What you should do:
Below are entries. Give back exactly the lines from the one containing "This combination allows" through the one containing "Mermaid Trumpet Satin", inclusive, without the pictures.

Dataset extract:
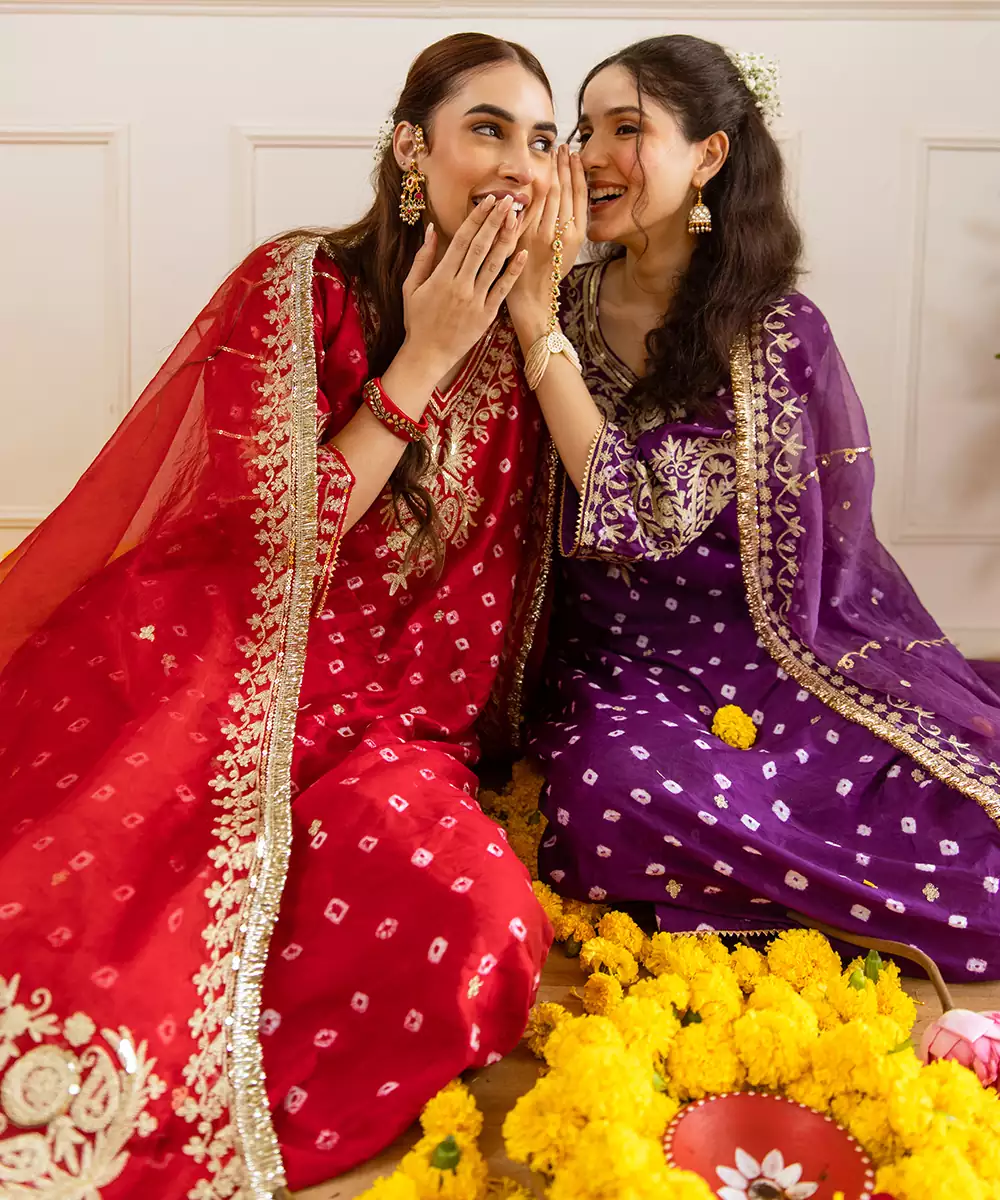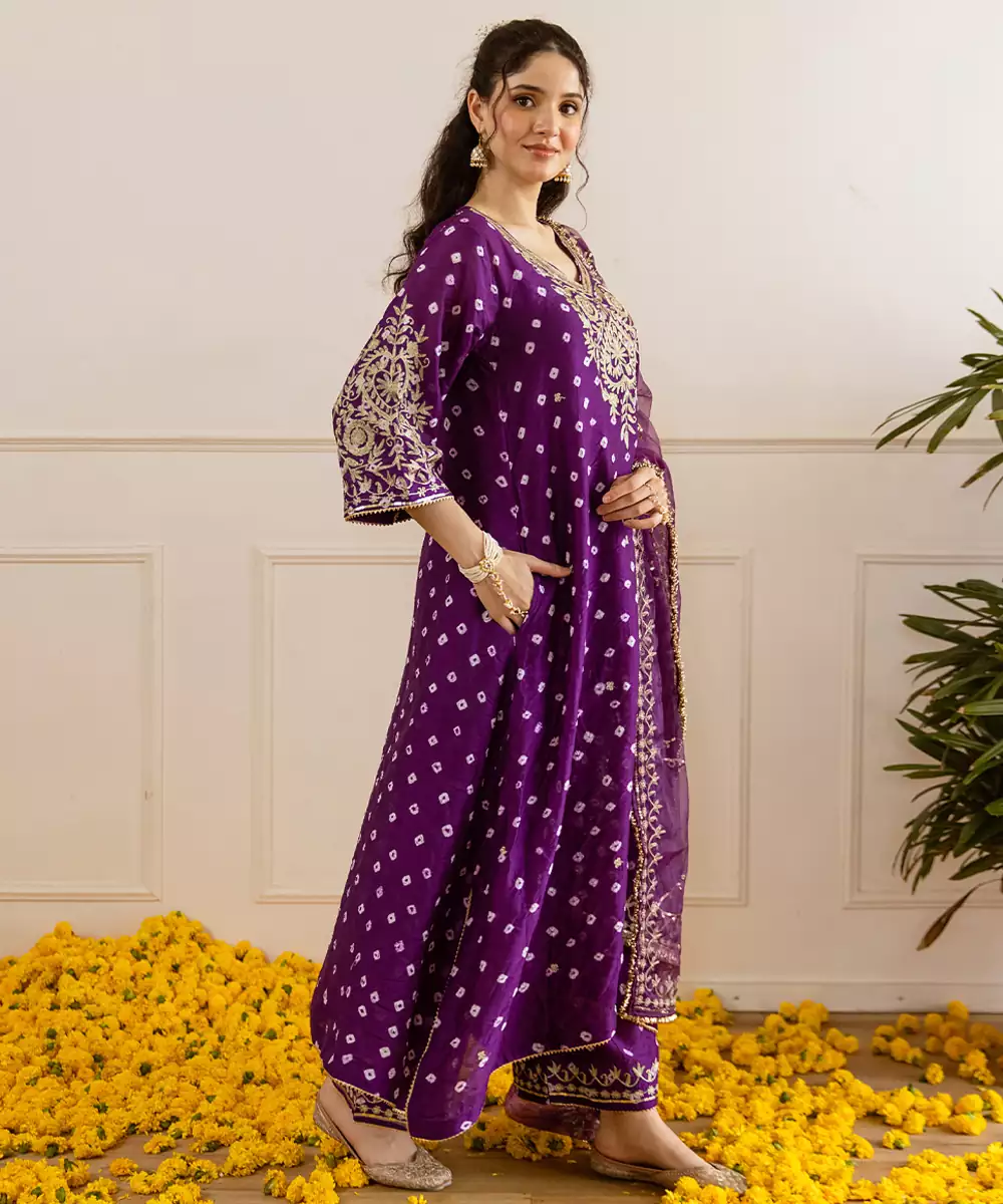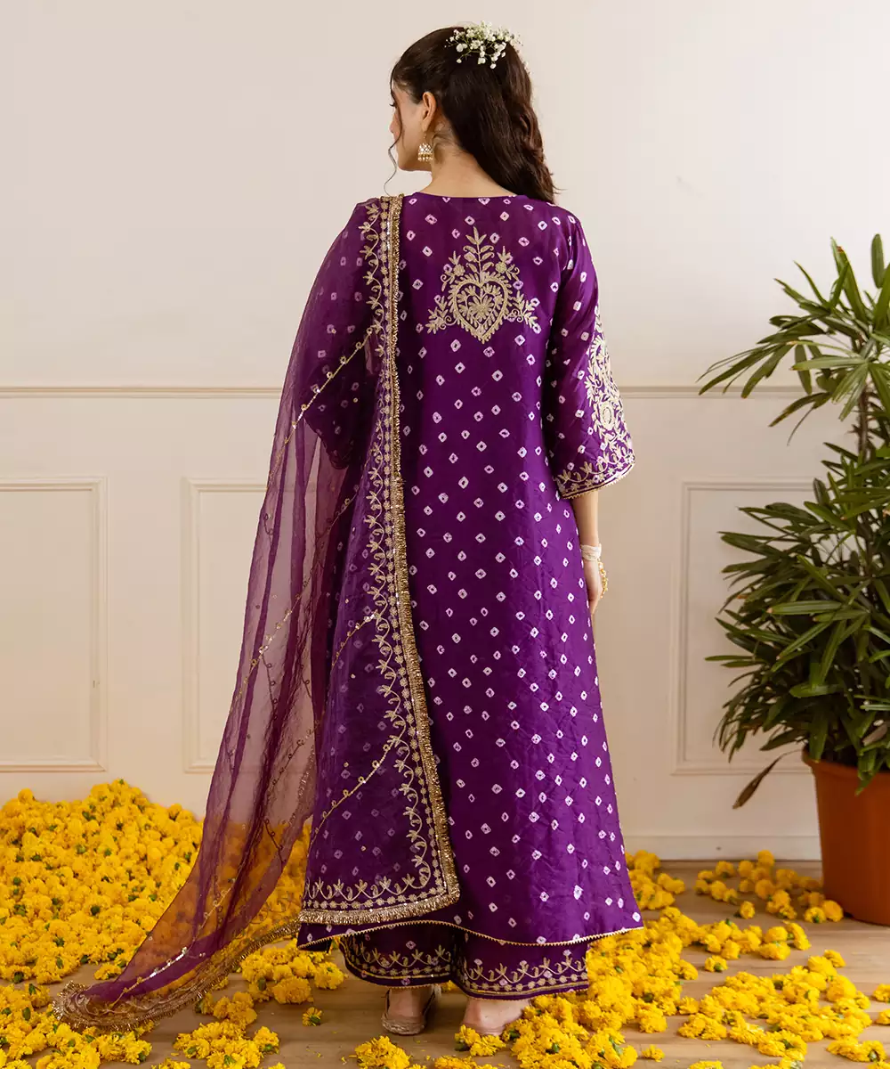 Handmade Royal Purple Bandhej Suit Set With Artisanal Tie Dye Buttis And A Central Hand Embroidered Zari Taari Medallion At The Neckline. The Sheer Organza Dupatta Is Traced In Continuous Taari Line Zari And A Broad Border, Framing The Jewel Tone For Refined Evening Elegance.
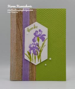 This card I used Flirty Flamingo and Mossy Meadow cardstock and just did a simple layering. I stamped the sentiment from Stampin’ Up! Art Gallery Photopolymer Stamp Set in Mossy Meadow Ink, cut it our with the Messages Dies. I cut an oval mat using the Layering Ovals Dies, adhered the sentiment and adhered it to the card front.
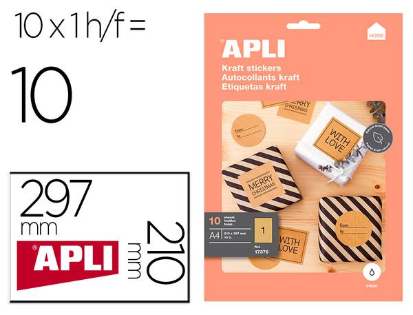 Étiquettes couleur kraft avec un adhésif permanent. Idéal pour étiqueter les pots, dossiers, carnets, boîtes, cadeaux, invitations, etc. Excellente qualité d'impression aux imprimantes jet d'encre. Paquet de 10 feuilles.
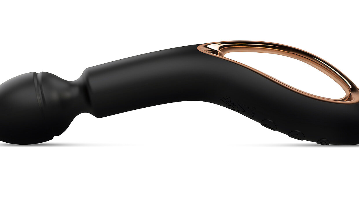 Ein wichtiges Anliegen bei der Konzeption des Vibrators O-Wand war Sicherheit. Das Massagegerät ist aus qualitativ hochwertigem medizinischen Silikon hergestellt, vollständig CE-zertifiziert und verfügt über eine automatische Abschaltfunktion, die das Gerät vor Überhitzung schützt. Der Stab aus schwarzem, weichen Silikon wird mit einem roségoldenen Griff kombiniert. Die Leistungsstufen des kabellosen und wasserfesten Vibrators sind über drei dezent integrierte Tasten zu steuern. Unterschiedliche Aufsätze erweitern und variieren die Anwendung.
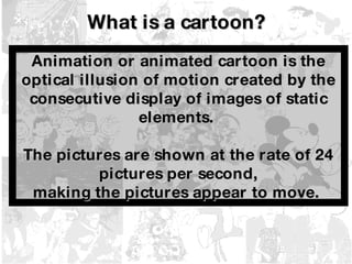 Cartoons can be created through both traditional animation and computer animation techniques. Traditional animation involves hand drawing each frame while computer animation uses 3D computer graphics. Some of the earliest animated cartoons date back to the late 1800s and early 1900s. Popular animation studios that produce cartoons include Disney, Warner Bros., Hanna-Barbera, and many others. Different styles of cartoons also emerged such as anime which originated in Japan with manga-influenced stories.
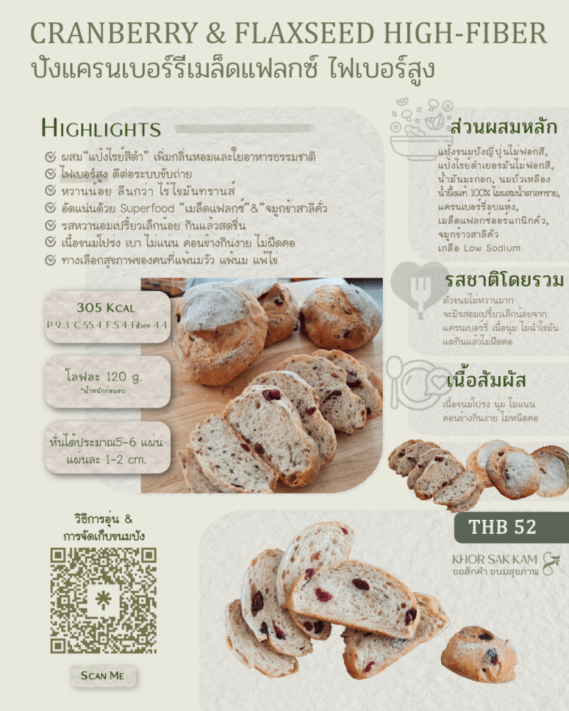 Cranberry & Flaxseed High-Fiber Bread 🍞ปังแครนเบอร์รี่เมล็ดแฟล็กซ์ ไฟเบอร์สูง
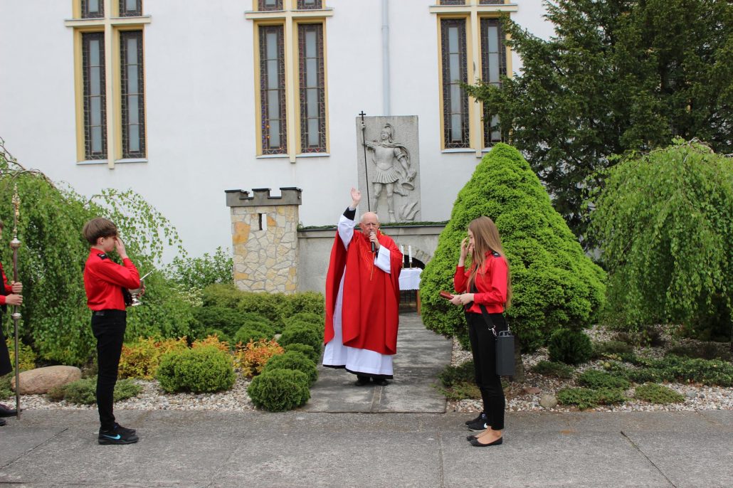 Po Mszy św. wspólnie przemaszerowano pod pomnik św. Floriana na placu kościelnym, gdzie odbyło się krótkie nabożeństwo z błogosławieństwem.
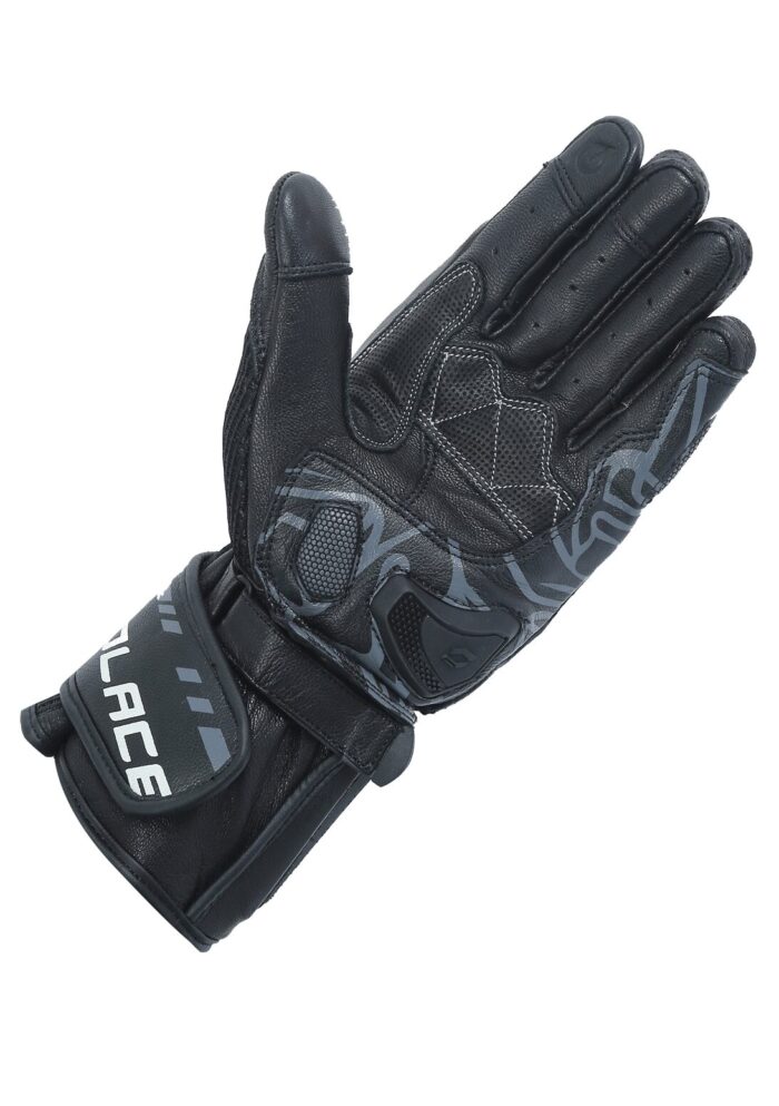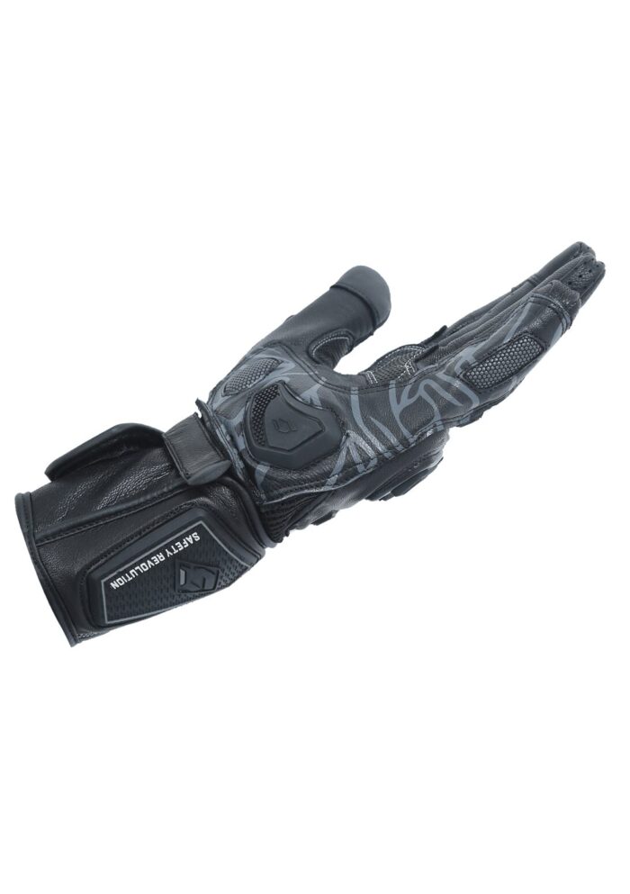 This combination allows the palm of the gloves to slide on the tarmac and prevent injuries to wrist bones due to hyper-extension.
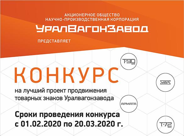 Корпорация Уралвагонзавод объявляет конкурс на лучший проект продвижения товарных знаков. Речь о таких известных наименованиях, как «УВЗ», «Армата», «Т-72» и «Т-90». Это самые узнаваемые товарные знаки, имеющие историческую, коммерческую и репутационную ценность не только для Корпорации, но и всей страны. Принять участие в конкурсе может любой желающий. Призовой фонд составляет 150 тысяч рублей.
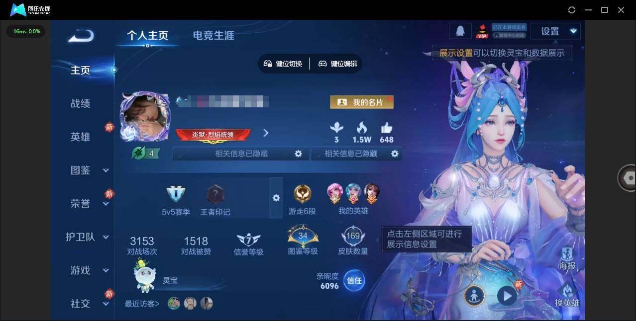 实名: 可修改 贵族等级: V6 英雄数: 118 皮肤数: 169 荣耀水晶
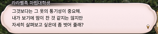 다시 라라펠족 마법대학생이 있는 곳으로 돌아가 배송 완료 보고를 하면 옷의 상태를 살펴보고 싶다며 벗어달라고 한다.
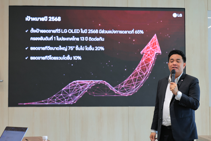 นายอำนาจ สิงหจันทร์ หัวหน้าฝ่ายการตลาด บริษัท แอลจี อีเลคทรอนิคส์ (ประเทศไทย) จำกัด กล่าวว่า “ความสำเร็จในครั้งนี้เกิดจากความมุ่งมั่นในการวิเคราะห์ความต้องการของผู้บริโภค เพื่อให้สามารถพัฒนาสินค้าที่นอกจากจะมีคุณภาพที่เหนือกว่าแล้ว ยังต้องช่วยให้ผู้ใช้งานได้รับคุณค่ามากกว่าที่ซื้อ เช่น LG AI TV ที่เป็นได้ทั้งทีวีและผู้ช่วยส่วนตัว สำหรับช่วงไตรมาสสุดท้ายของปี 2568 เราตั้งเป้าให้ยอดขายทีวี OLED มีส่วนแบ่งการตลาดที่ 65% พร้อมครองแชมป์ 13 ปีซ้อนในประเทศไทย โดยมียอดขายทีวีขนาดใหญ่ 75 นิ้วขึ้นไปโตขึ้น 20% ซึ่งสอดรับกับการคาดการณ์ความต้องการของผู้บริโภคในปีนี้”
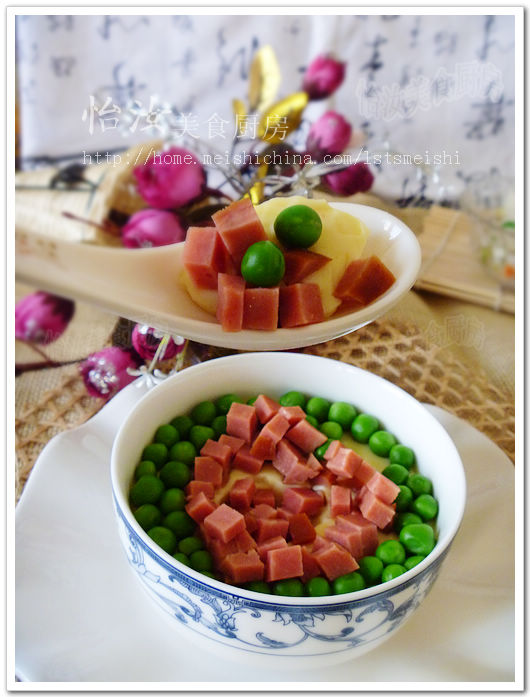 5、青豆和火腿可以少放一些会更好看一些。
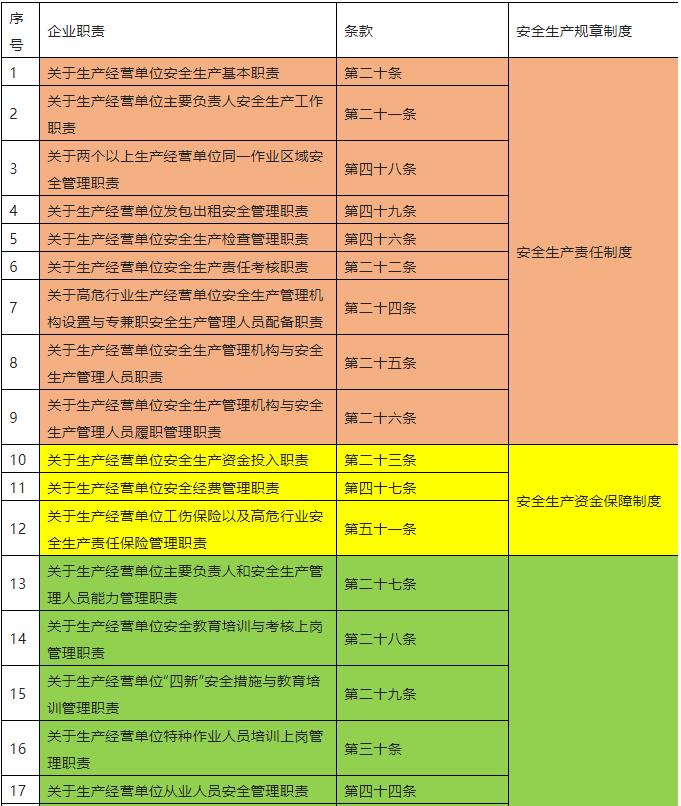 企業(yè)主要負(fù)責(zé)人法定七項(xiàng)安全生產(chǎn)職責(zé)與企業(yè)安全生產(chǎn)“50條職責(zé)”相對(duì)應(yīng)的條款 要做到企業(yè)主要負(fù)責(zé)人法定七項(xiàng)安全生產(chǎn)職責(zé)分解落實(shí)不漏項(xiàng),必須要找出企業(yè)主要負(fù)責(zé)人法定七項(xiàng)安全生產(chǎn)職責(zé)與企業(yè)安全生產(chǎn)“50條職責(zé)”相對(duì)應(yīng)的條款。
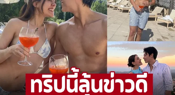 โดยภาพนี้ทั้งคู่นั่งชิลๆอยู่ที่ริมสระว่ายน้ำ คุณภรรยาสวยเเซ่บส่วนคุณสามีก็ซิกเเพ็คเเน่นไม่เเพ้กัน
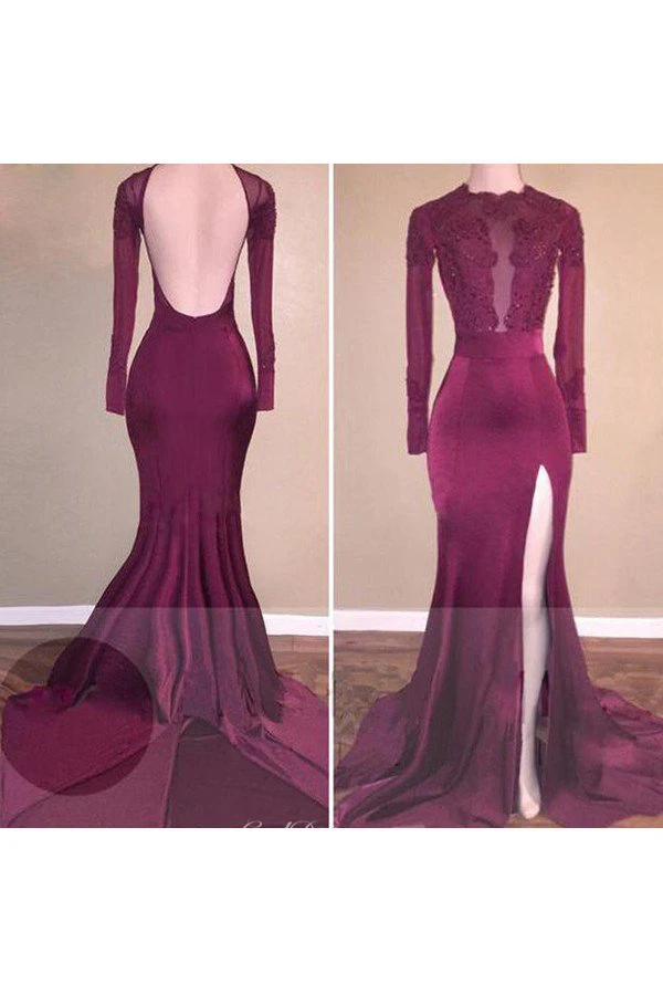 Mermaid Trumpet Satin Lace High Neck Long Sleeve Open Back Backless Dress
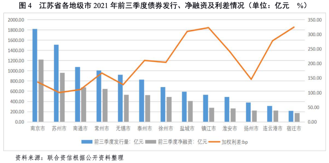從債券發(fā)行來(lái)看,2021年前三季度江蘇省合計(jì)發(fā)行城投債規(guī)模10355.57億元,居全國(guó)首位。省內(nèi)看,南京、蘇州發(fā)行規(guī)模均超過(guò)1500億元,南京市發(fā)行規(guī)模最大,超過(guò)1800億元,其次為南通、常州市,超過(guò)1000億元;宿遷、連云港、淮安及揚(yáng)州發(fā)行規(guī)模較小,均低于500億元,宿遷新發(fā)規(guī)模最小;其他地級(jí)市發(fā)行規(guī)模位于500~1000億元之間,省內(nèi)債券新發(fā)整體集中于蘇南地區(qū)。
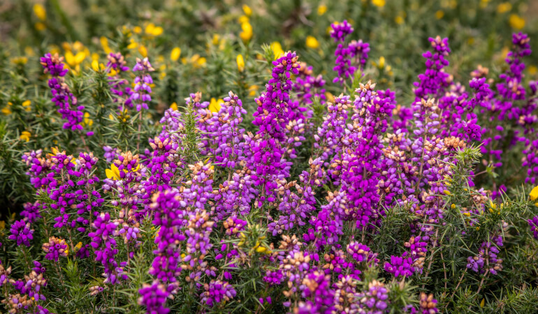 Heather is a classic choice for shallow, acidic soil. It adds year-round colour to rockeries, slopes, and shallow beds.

Output of the task:
 This combination allows the palm of the gloves to slide on the tarmac and prevent injuries to wrist bones due to hyper-extension.
 Корпорация Уралвагонзавод объявляет конкурс на лучший проект продвижения товарных знаков. Речь о таких известных наименованиях, как «УВЗ», «Армата», «Т-72» и «Т-90». Это самые узнаваемые товарные знаки, имеющие историческую, коммерческую и репутационную ценность не только для Корпорации, но и всей страны. Принять участие в конкурсе может любой желающий. Призовой фонд составляет 150 тысяч рублей.
 实名: 可修改 贵族等级: V6 英雄数: 118 皮肤数: 169 荣耀水晶
 다시 라라펠족 마법대학생이 있는 곳으로 돌아가 배송 완료 보고를 하면 옷의 상태를 살펴보고 싶다며 벗어달라고 한다.
 นายอำนาจ สิงหจันทร์ หัวหน้าฝ่ายการตลาด บริษัท แอลจี อีเลคทรอนิคส์ (ประเทศไทย) จำกัด กล่าวว่า “ความสำเร็จในครั้งนี้เกิดจากความมุ่งมั่นในการวิเคราะห์ความต้องการของผู้บริโภค เพื่อให้สามารถพัฒนาสินค้าที่นอกจากจะมีคุณภาพที่เหนือกว่าแล้ว ยังต้องช่วยให้ผู้ใช้งานได้รับคุณค่ามากกว่าที่ซื้อ เช่น LG AI TV ที่เป็นได้ทั้งทีวีและผู้ช่วยส่วนตัว สำหรับช่วงไตรมาสสุดท้ายของปี 2568 เราตั้งเป้าให้ยอดขายทีวี OLED มีส่วนแบ่งการตลาดที่ 65% พร้อมครองแชมป์ 13 ปีซ้อนในประเทศไทย โดยมียอดขายทีวีขนาดใหญ่ 75 นิ้วขึ้นไปโตขึ้น 20% ซึ่งสอดรับกับการคาดการณ์ความต้องการของผู้บริโภคในปีนี้”
 5、青豆和火腿可以少放一些会更好看一些。
 企業(yè)主要負(fù)責(zé)人法定七項(xiàng)安全生產(chǎn)職責(zé)與企業(yè)安全生產(chǎn)“50條職責(zé)”相對(duì)應(yīng)的條款 要做到企業(yè)主要負(fù)責(zé)人法定七項(xiàng)安全生產(chǎn)職責(zé)分解落實(shí)不漏項(xiàng),必須要找出企業(yè)主要負(fù)責(zé)人法定七項(xiàng)安全生產(chǎn)職責(zé)與企業(yè)安全生產(chǎn)“50條職責(zé)”相對(duì)應(yīng)的條款。
 โดยภาพนี้ทั้งคู่นั่งชิลๆอยู่ที่ริมสระว่ายน้ำ คุณภรรยาสวยเเซ่บส่วนคุณสามีก็ซิกเเพ็คเเน่นไม่เเพ้กัน
 Mermaid Trumpet Satin Lace High Neck Long Sleeve Open Back Backless Dress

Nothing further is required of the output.